The Index also flags a structural risk in how the agent ecosystem is built. Outside of Chinese AI agents, almost all of the 30 reviewed systems depend on one of a small number of foundation models - primarily GPT, Claude, and Gemini. A pricing change, outage, or safety regression in any of those models would cascade across the agents built on top of it. This concentration creates both systemic fragility and, as Staufer notes, potential opportunities for centralized safety monitoring - though those opportunities are not currently being formalized.

Of the five Chinese AI agents reviewed, only one had published any safety frameworks or compliance standards. The study does not draw regulatory conclusions but notes the transparency pattern as a data point in a broader global picture of AI governance development.

What Accountability Looks Like

The Index is descriptive rather than prescriptive, but its framework implies what agent-level accountability would require: published system cards that address the agent's specific capabilities and risk profile, internal safety testing results, third-party audit data, and clear disclosure protocols for agent behavior on the web. No regulatory body currently mandates these disclosures for AI agents in major markets, and the Index's findings suggest that voluntary compliance is far from the norm.

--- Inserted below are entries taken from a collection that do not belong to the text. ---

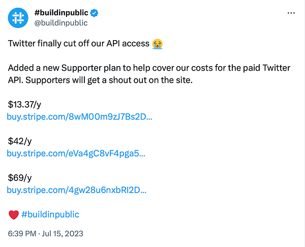 Create "Supporter" plan to hopefully help cover the costs of the paid Twitter API, so we can use that twitter.com/buildinpublic/sta…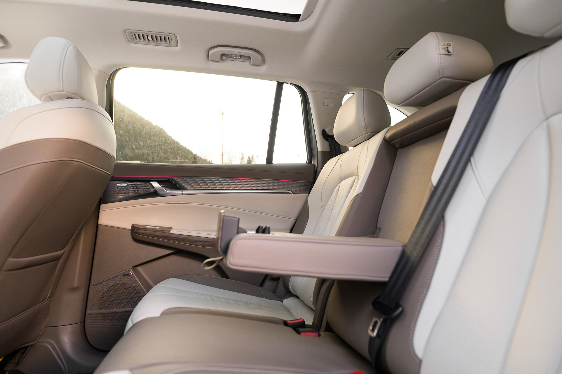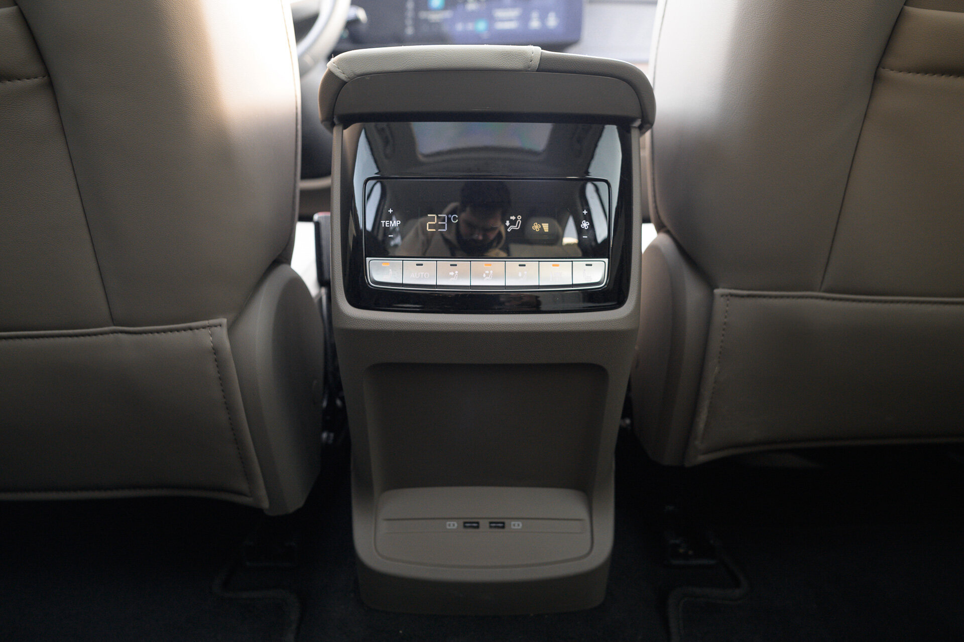 Именно на втором ряду можно насладиться видами панорамной крыши, но что более важно, воспользоваться своим блоком управления климатом. Эти настройки распространятся и на третий ряд. Как и у М70, для зарядки гаджетов только два USB-A, и оба почти на полу.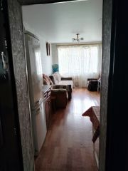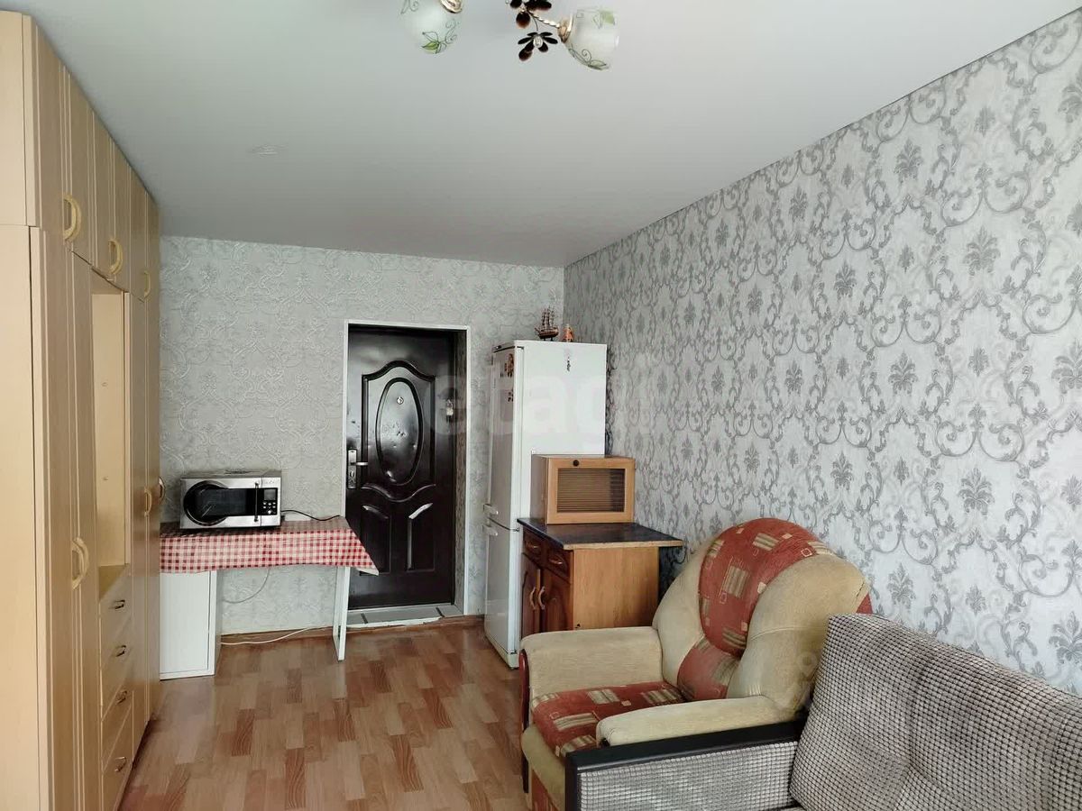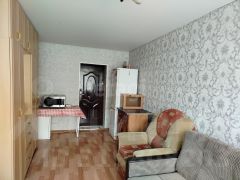 Продается комната 16 кв. м. в общежитии коридорного типа. Объект не требует согласования с соседями, что упрощает сделку. Комната не угловая. В помещении установлено пластиковое окно, металлическая входная дверь и натяжной потолок. Вся мебель остается новому владельцу: диван, два кресла, большой шкаф, стол и тумба. Также в комнате присутствует необходимая бытовая техника — холодильник, телевизор и микроволновка, что позволяет заселиться сразу после покупки. На этаже общая кухня, туалет, душевая. В подъезде и придомовой территории убираются, поэтому всегда чисто.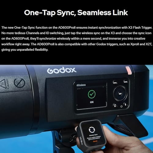 - 【2.4G inalámbrico y TTL】600 W de potencia. El AD600ProII cuenta con un tiempo de reciclaje extremo de 0.01 a 0.9 segundos. Además, admite sincronización de alta velocidad de hasta 1/8000 segundos. Con el sistema inalámbrico Godox 2.4G, el AD600ProII se integra perfectamente con los sistemas de flash automático TTL en múltiples marcas de cámaras.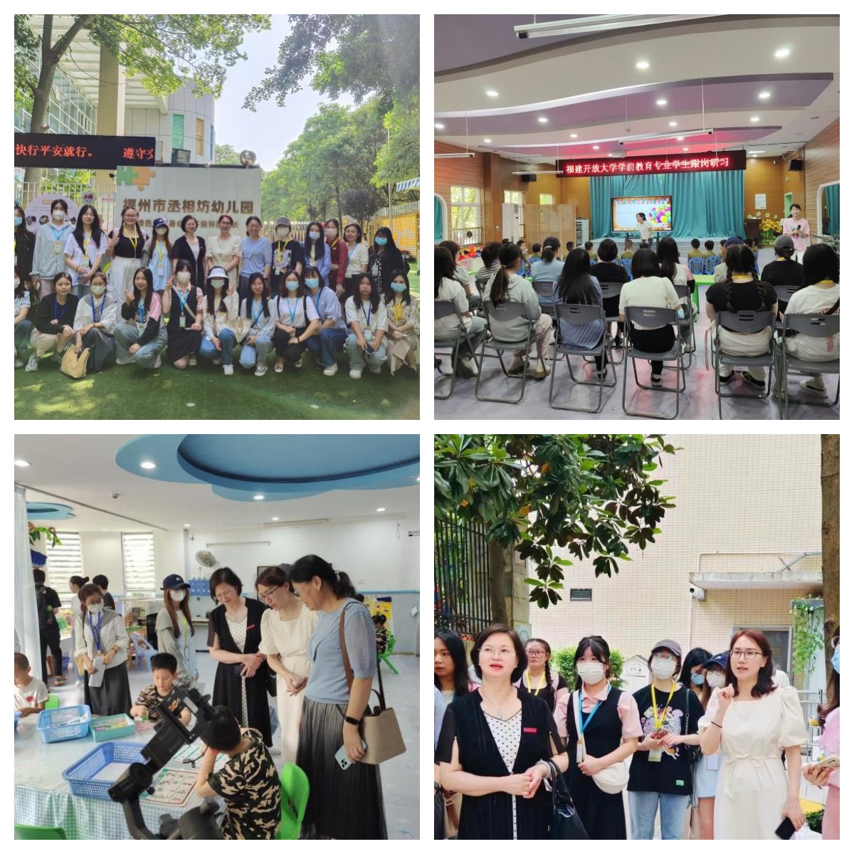 5月25日,继续教育学院副院长陈秀清,公共事业与教育系主任李金艳带领成人本专科学前教育专业学生二十余人前往福州市丞相坊幼儿园开展学前教育专业见习活动,旨在增强学生专业意识,培养学生对理论知识的应用能力,提高学生保教能力和职业素养。继续教育学院青年教师代表参加活动。
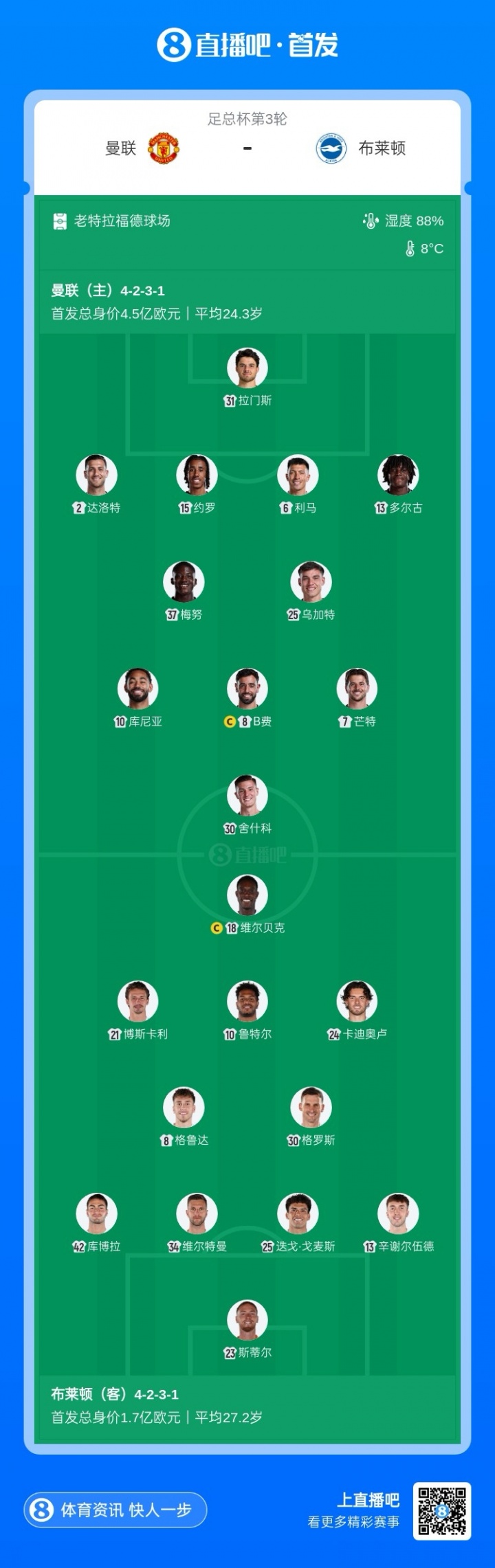 曼联vs布莱顿首发:梅努先发,舍什科、库尼亚出战,卡塞米罗替补

The timing of the study matters. AI agents are not experimental systems confined to research environments; they are products used at scale by consumers and businesses for real-world tasks with real-world consequences. The gap the Index documents - between what developers say about safety and what they demonstrate - is not a future risk but a present one. Security incidents involving browser agents have already been documented. More will follow as these systems become more capable and more widely deployed.

Staufer's final assessment of the latest Index data is direct: the pace of AI agent deployment is outrunning the pace of safety evaluation. The transparency and governance frameworks needed to manage systems that can act autonomously in the real world are, in his characterization, dangerously behind where they need to be. The data in the Index does not contradict that conclusion. What the Index provides, for the first time at this level of detail, is a systematic public record of what those 30 leading systems actually disclose - a baseline against which future disclosures, or the lack of them, can be measured.

Source: AI Agent Index annual update, published February 2026. Lead author: Leon Staufer, Leverhulme Centre for the Future of Intelligence, University of Cambridge. Collaborating institutions: University of Cambridge, University of Washington, Harvard Law School, Stanford University, Concordia AI, University of Pennsylvania, MIT, Hebrew University of Jerusalem. Index covers 30 AI agents with data through December 31, 2025.